**Exercise instructions:** From the line containing "un hébergement web chez OVH, inutilisé" down to the last line of the entries, print each line exactly and leave the pictures out.
(Records Opens)
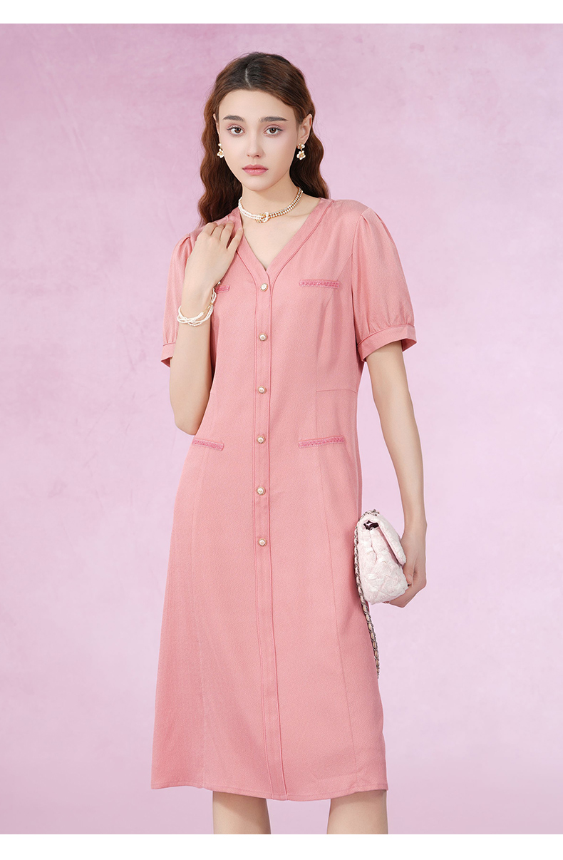 乔万尼真丝连衣裙桑蚕丝法式复古显瘦收腰气质ET2E307
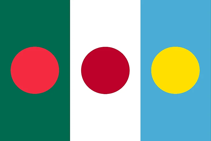 Япония традиционно считается Страной Восходящего Солнца. «Как бы не так», - подумали в Бангладеше и вывесили свой флаг. Пришлось, правда, закрасить белый фон зеленым цветом. «Мы можем еще лучше», - решили в Палау и сделали солнце желтым, а небо - лазурным. Утренней свежестью повеяло на Корейском полуострове.
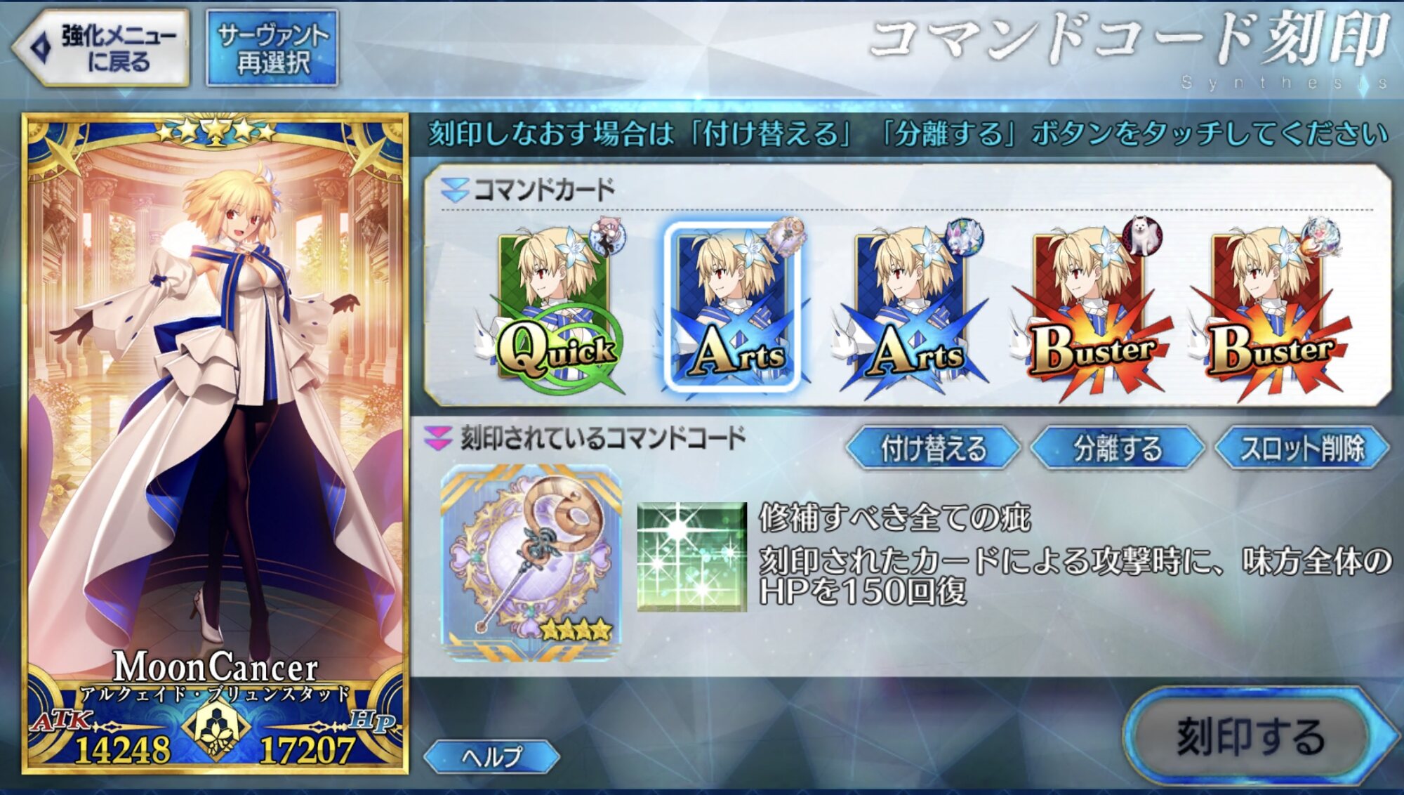 全部の再臨がクオリティ高いし綺麗だし可愛いし、戦わせても強いし宝具演出めっちゃ凝ってるで文句のつけようがないオメガスペックサーヴァント
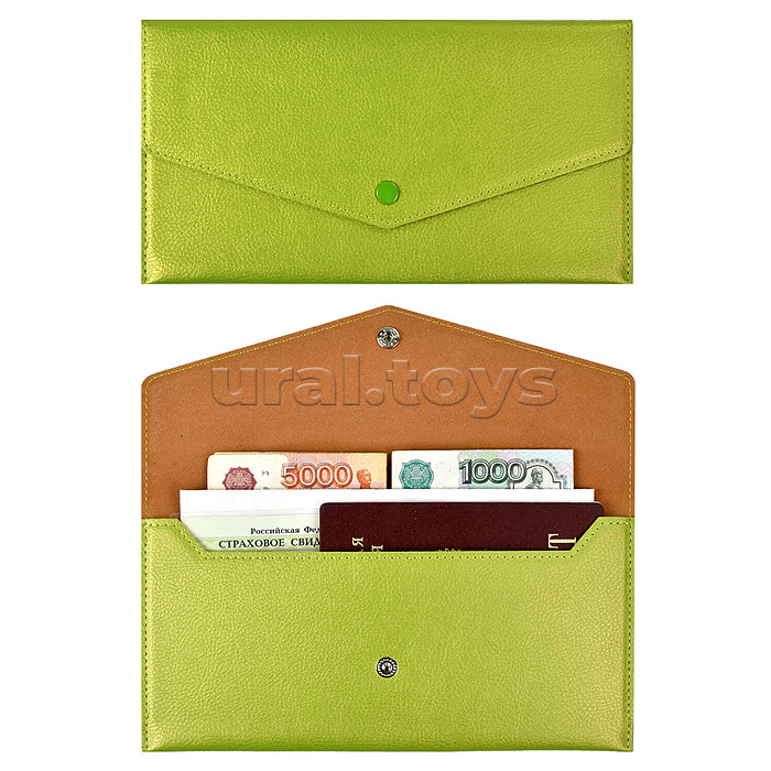 Органайзер-папка д/путешествий Наппа салатовый металлик (227х110 мм)
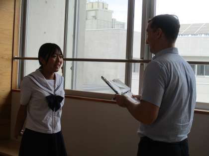 ALTのJ先生に、日本のお勧めの場所を紹介しています。
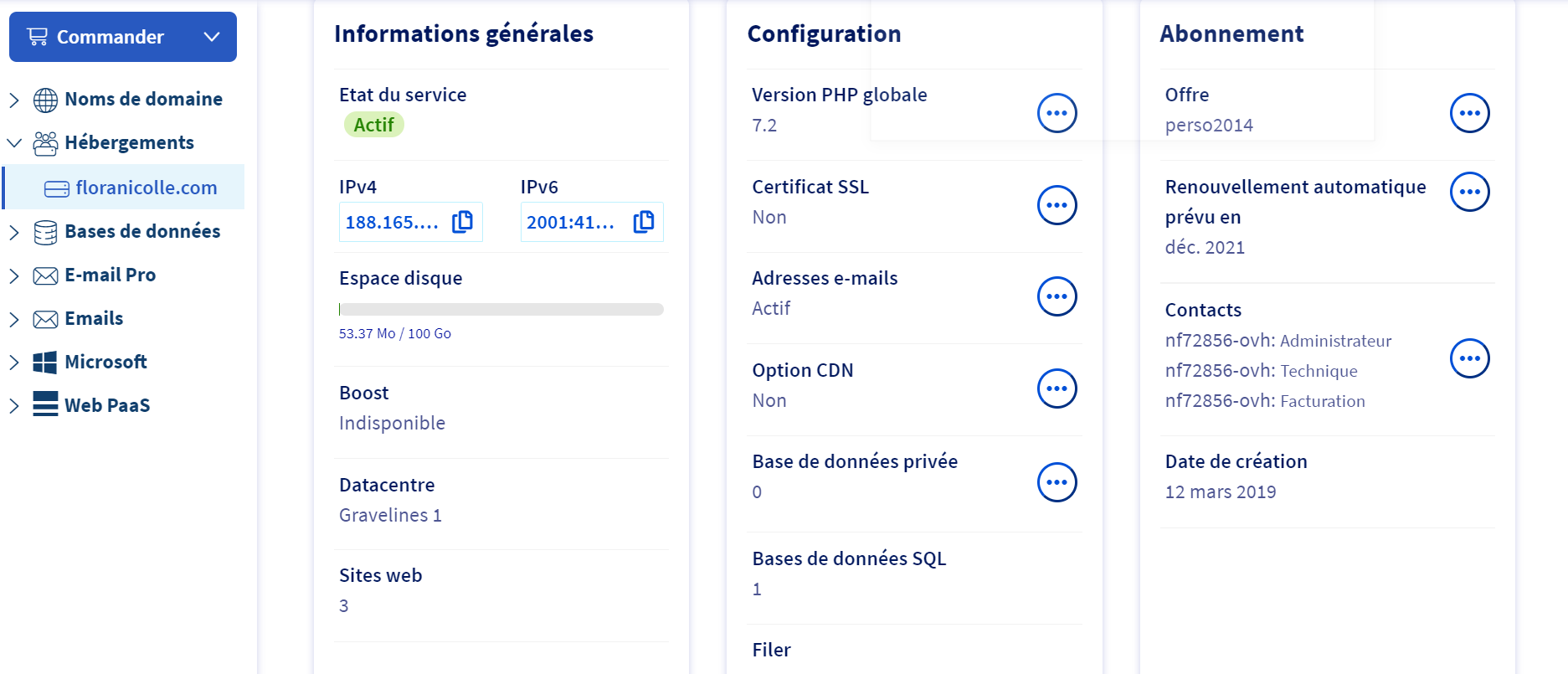 un hébergement web chez OVH, inutilisé
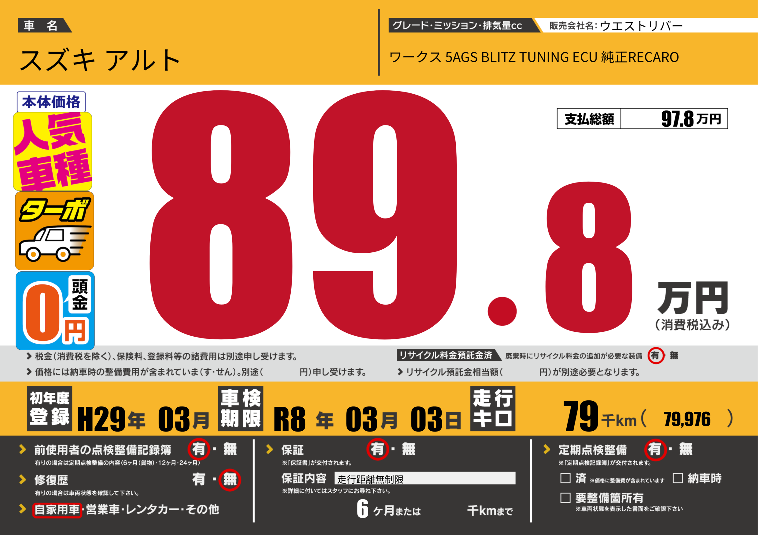 | 車名 | スズキ アルト | グレード ミッション 排気量 |
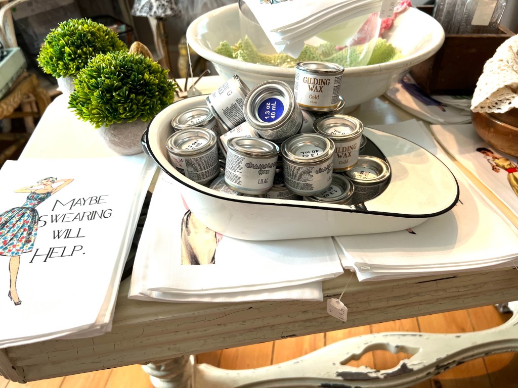 Vintage white enamel bed pan used as a display container? Now that’s fabulous.
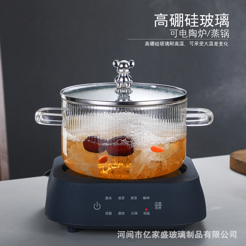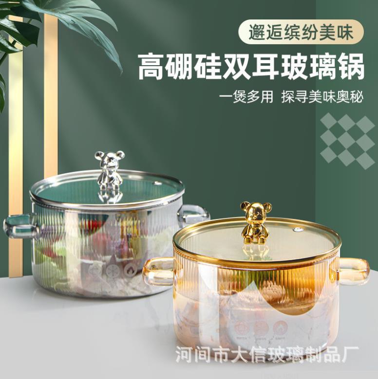 透明縦紋高ホウ素ガラススープ鍋双耳熊ガラス鍋明火加熱大容量ガラスミルク鍋
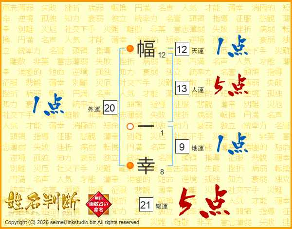生活面を象徴する運勢です。外部から受ける影響力を表し、結婚運、家庭運や職場、環境への順応性を表します。総運から人運を引いた画数。姓や名が1文字の場合を除く。
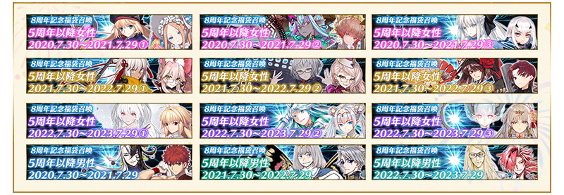 5周年以降に登場したサーヴァントを「男女×リリース順」に全12種類のグループに分けた中から、いずれか1つのみ召喚可能となる「8周年記念福袋召喚(5周年以降 男女×リリース順12分割)」の開催を発表いたしました。
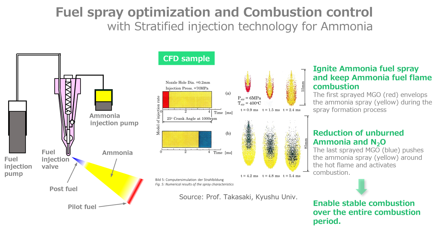 Click to expand. The J-ENG led consortium has developed a stratified injection technology for ammonia and heavy oil pilot fuel in its 2-stroke engine, optimizing stable combustion. Source: Japan Engine Corporation.
(Records Closes)
**Answer for the task:**
 un hébergement web chez OVH, inutilisé
 | 車名 | スズキ アルト | グレード ミッション 排気量 |
 Vintage white enamel bed pan used as a display container? Now that’s fabulous.
 透明縦紋高ホウ素ガラススープ鍋双耳熊ガラス鍋明火加熱大容量ガラスミルク鍋
生活面を象徴する運勢です。外部から受ける影響力を表し、結婚運、家庭運や職場、環境への順応性を表します。総運から人運を引いた画数。姓や名が1文字の場合を除く。
 5周年以降に登場したサーヴァントを「男女×リリース順」に全12種類のグループに分けた中から、いずれか1つのみ召喚可能となる「8周年記念福袋召喚(5周年以降 男女×リリース順12分割)」の開催を発表いたしました。
 Click to expand. The J-ENG led consortium has developed a stratified injection technology for ammonia and heavy oil pilot fuel in its 2-stroke engine, optimizing stable combustion. Source: Japan Engine Corporation.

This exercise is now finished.